┏━━

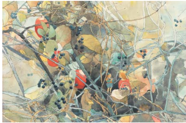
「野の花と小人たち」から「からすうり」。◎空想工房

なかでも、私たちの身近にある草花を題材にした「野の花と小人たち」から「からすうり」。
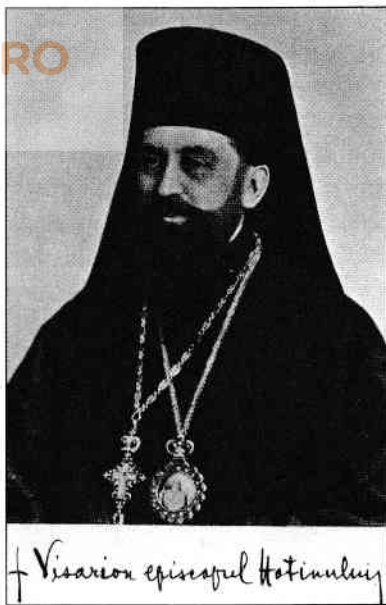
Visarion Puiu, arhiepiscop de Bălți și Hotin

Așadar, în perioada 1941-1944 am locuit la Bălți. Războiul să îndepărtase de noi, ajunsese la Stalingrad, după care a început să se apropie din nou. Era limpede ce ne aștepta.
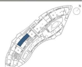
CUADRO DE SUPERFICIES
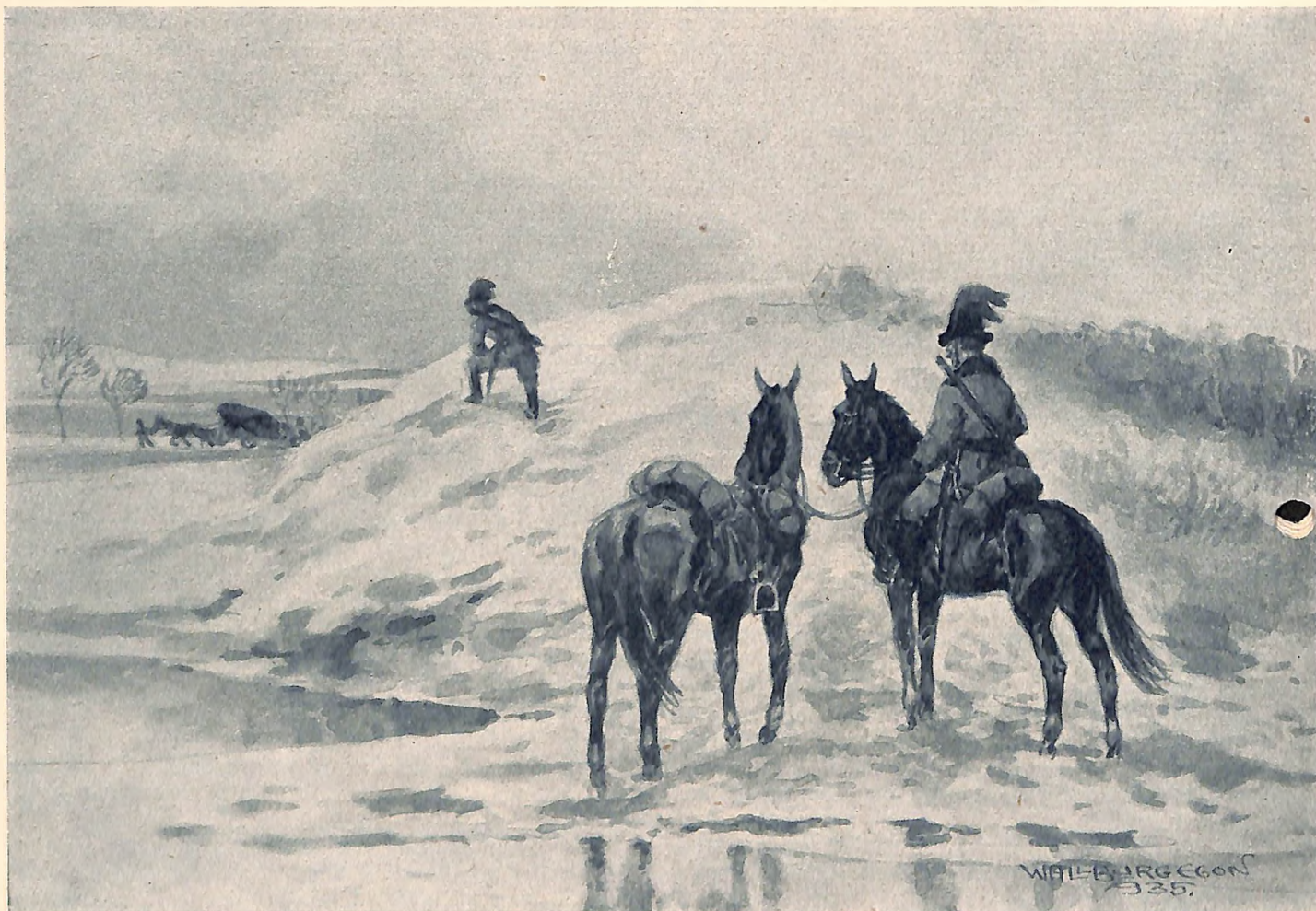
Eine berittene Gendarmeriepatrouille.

┗━━

• _ASSIGNED TASK_:
Only the number is wanted: how many lines in the listing hold "Bălți"?

• _YOUR SOLUTION_:
2